Eine Zunahme des Auftretens von Verhaltensstörungen, einschliesslich verstärkten Risikos suizidaler Gedanken, Selbstverletzung und Suizid, wurde bei Kindern, Jugendlichen und jungen Erwachsenen bis 25 Jahre mit Depression oder anderer psychiatrischer Störungen während der Behandlung mit Antidepressiva berichtet.
Bei Patienten welche trizyklische Antidepressiva oder selektive Serotonin-Wiederaufnahmehemmer einnahmen, wurde ein erhöhtes Risiko von Knochenbrüchen beobachtet.
Wenn Sie Nebenwirkungen bemerken, die hier nicht beschrieben sind, sollten Sie Ihren Arzt oder Apotheker bzw. Ihre Ärztin oder Apothekerin informieren.

Was ist ferner zu beachten?

Trimipramin Sandoz Tropfen enthalten 12% Vol. Alkohol. Von Alkoholkonsum während der Behandlung wird grundsätzlich abgeraten. Nach dem erstmaligen Öffnen sind die Tropfen 12 Monate haltbar. Das Präparat ist auch alkoholfrei (als Tabletten) erhältlich.
Das Arzneimittel in der Originalpackung, bei Raumtemperatur (15−25°C), vor Licht geschützt und ausser Reichweite von Kindern aufbewahren.
Das Arzneimittel darf nur bis zu dem auf dem Behälter mit «EXP» bezeichneten Datum verwendet werden.
Weitere Auskünfte erteilt Ihnen Ihr Arzt oder Apotheker, bzw. Ihre Ärztin oder Apothekerin. Diese Personen verfügen über die ausführliche Fachinformation.

Wo erhalten Sie Trimipramin Sandoz®? Welche Packungen sind erhältlich?
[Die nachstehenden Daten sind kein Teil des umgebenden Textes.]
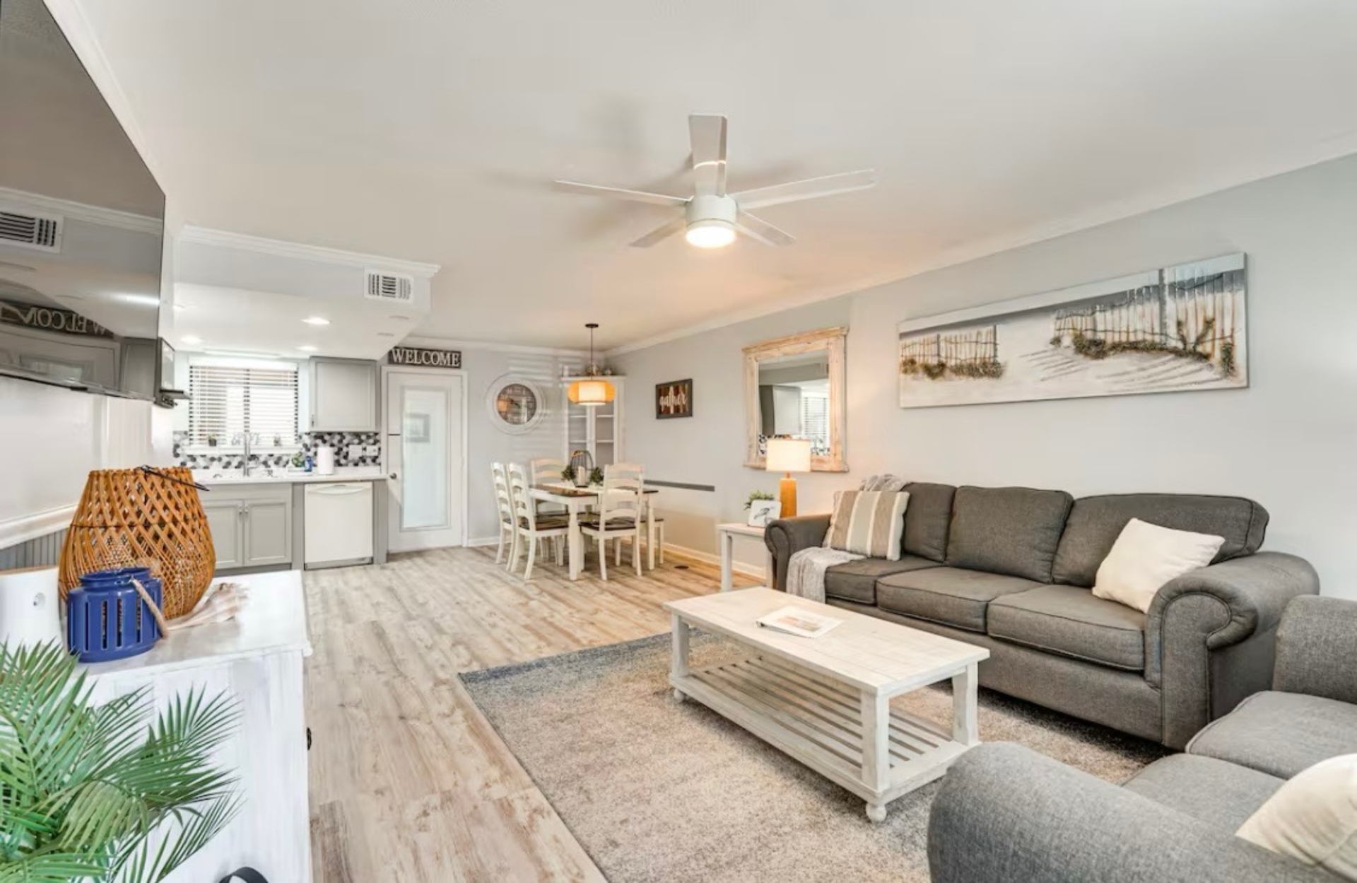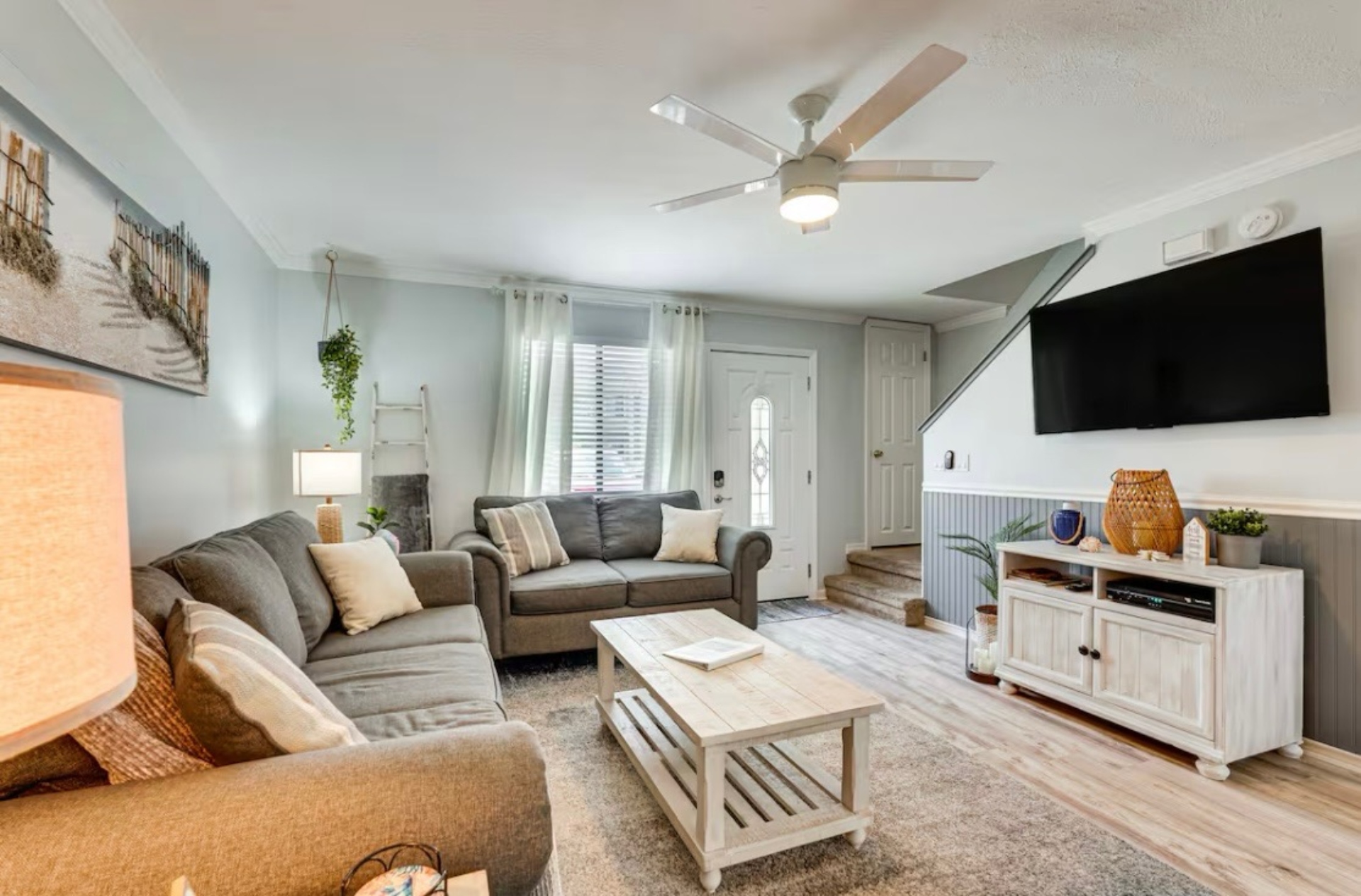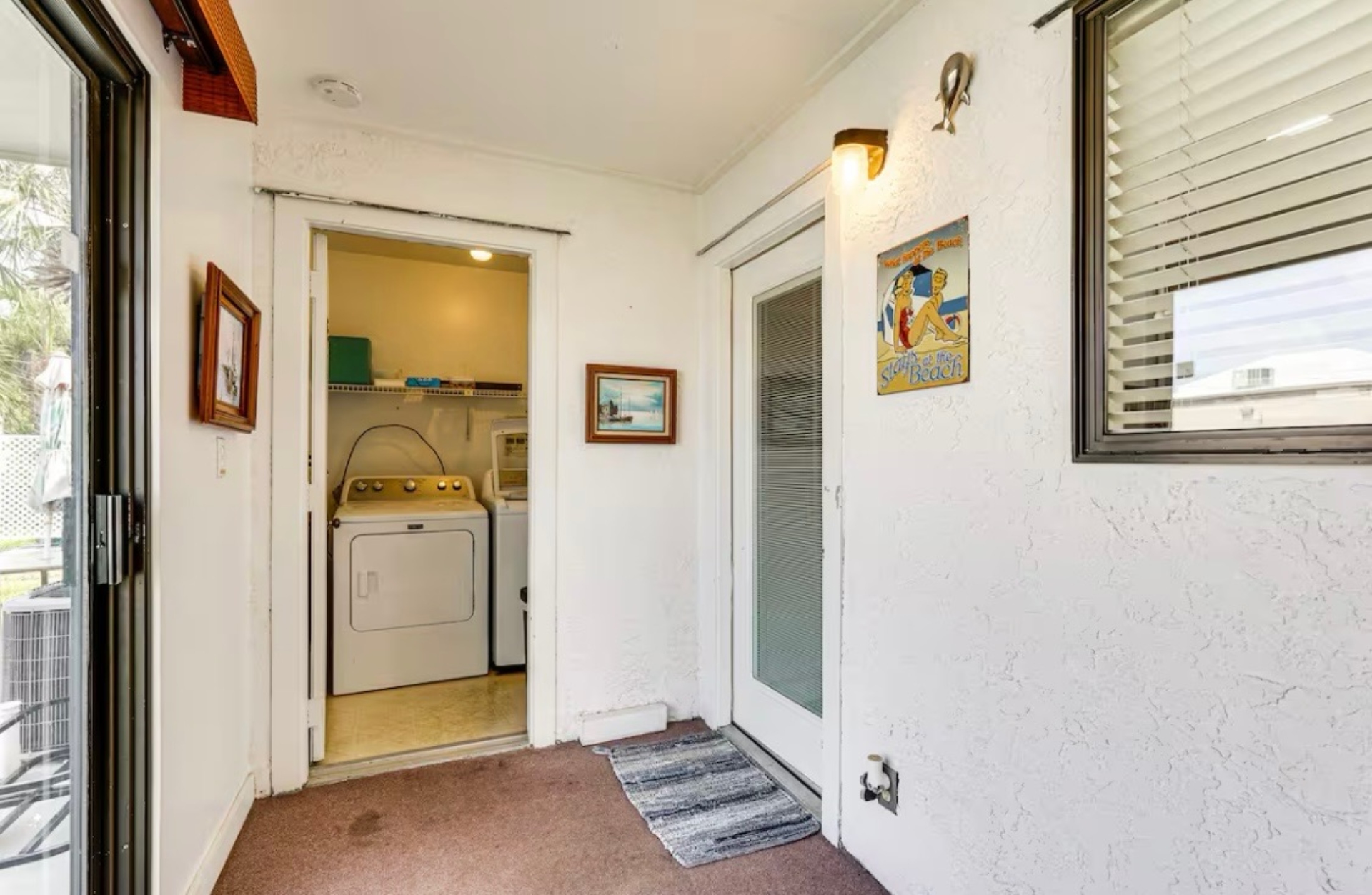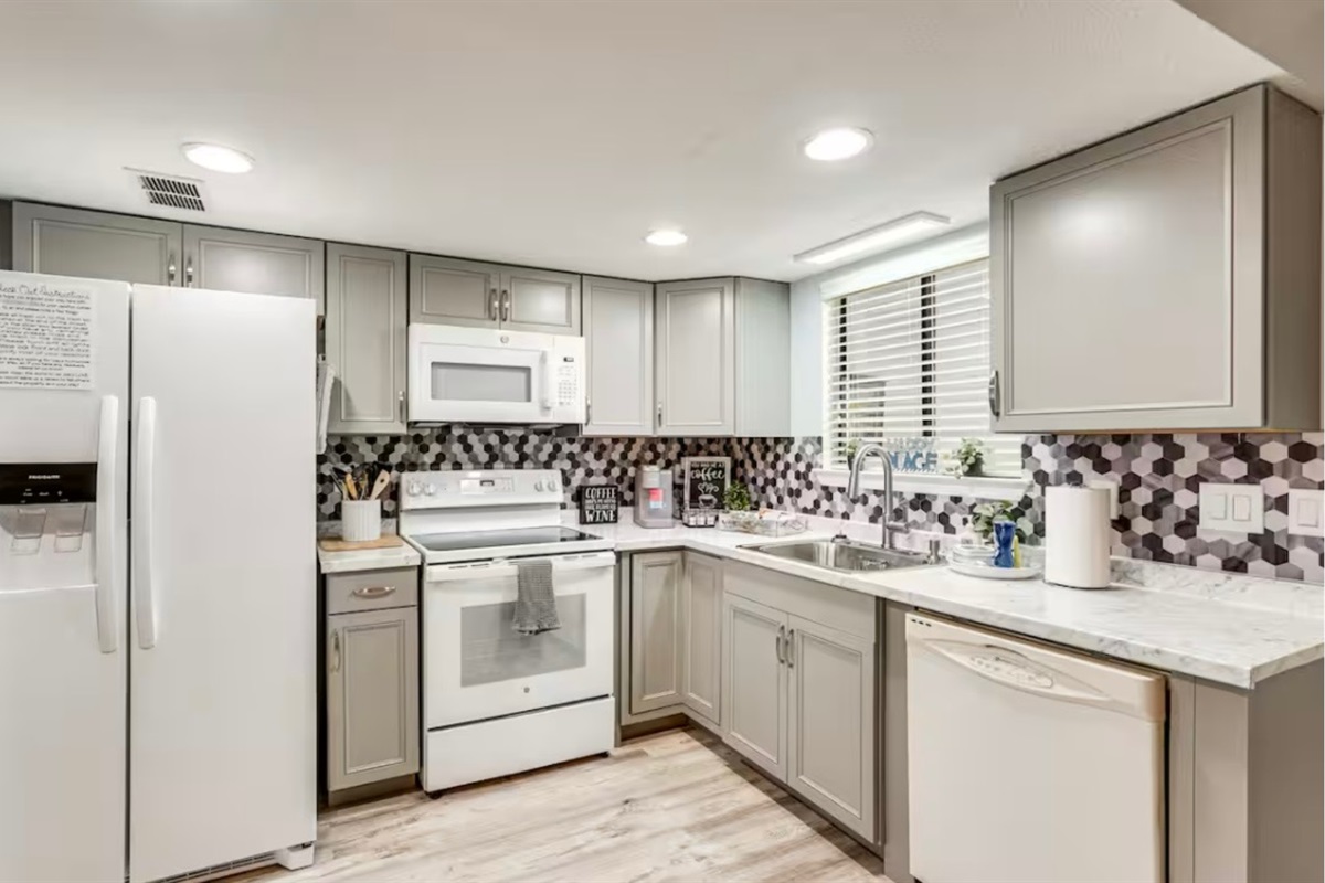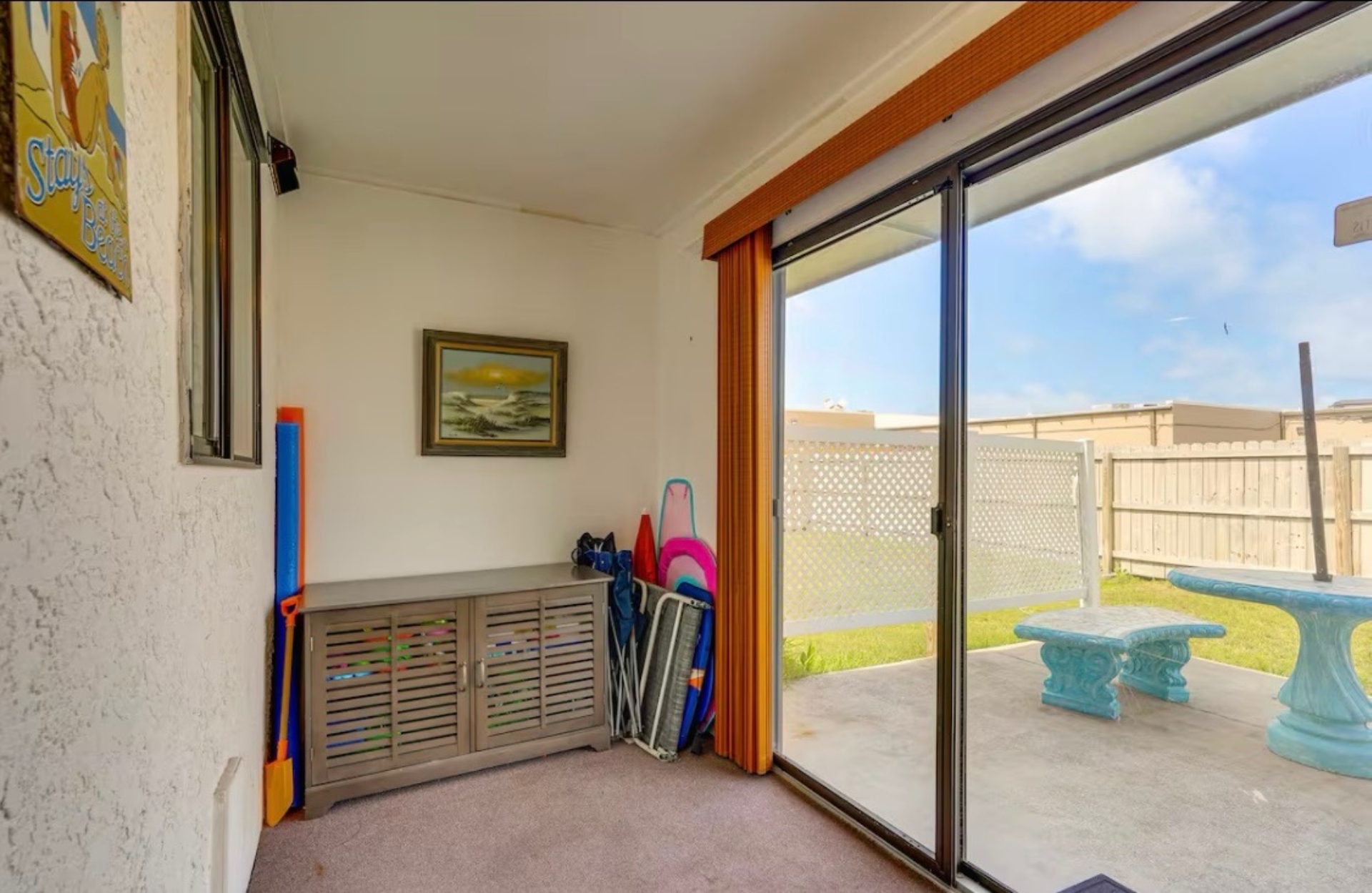 The Sandy Turtle townhome is a ground floor, two story, end-unit townhome that is upgraded, beachy, clean and comfortable. The downstairs offers an open floor plan with a living area that is spacious with a comfy couch and loveseat plus smart TV, and the dining area seats six. The kitchen is well equipped with all appliances needed for meals and snacks including a traditional full pot coffee maker and a single cup maker, cookware, dishware, and utensils. A half bath is located just off the living area, along with a washer and dryer. An enclosed Florida room out back offers storage for your beach gear and a sliding glass door to the private back yard area.

In Apotheken nur gegen ärztliche Verschreibung.
Tabletten
Packung mit 50 und 200 Tabletten zu 25 mg (teilbar).
Packungen mit 20 und 100 Tabletten zu 100 mg (teilbar).
Tropfen
Flaschen zu 30 ml zu 4% (1 Tropfen entspr. 1 mg Trimipramin).

Zulassungsnummer

55835, 58449 (Swissmedic)

Zulassungsinhaberin

Sandoz Pharmaceuticals AG, Risch; Domizil: Rotkreuz

Diese Packungsbeilage wurde im Dezember 2014 letztmals durch die Arzneimittelbehörde (Swissmedic) geprüft.